Reminiscing about last year’s fashion

On the catwalk, summer 2005 was all about tiered skirts, beaded slippers worn with ankle bracelets, cheesecloth blouses with bead-strung neck ties and tumbling waves. Roberto Cavalli’s colourful, baroque dresses were the height of sunny glamour and wedged heels and shorts were the look for the streets. But led by Alexander McQueen’s Hitchcock-inspired collection of pencil skirts and Monroe dresses, and Roland Mouret’s curvaceous Galaxy dress (no A-lister svelte enough stepped onto a red carpet in anything else), autumn focused on darker colours and clean lines.
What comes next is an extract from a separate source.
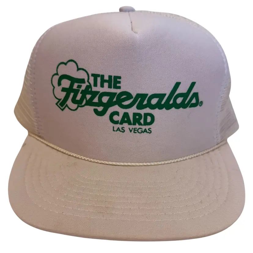The Vintage 1980's Fitzgeralds Card Las Vegas Casino Trucker Style Snapback by HM is a classic white snapback trucker hat. Made of polyester and acrylic, this one-size hat features a mesh back for breathability and an adjustable strap for a comfortable fit. Perfect for casual occasions, this vintage hat is themed around casinos, 80s, 90s, Las Vegas, and is a stylish addition for any unisex adult looking to add a touch of retro flair to their outfit.

The high street, too, had its fashion moment. The hottest buy of summer was Primark’s £10 sequined shrug; six months later, crowds went wild for Stella McCartney’s £99 tuxedo coat for H&M. Topshop further blurred the boundaries between high and lowfashion by staging a full-scale fashion show as part of London Fashion Week in September, a move copied two months later by Marks & Spencer.

All the high-street stores took their cues not just from the catwalk but from the prevailing look in music: rock-skinny androgyny, drainpipes and waistcoats, a little bit Bowie but with a certain Gucci gloss. Last winter, skinny jeans were for wearing under boots; this time round, they’re for wearing with ballet flats, which is a more extreme look.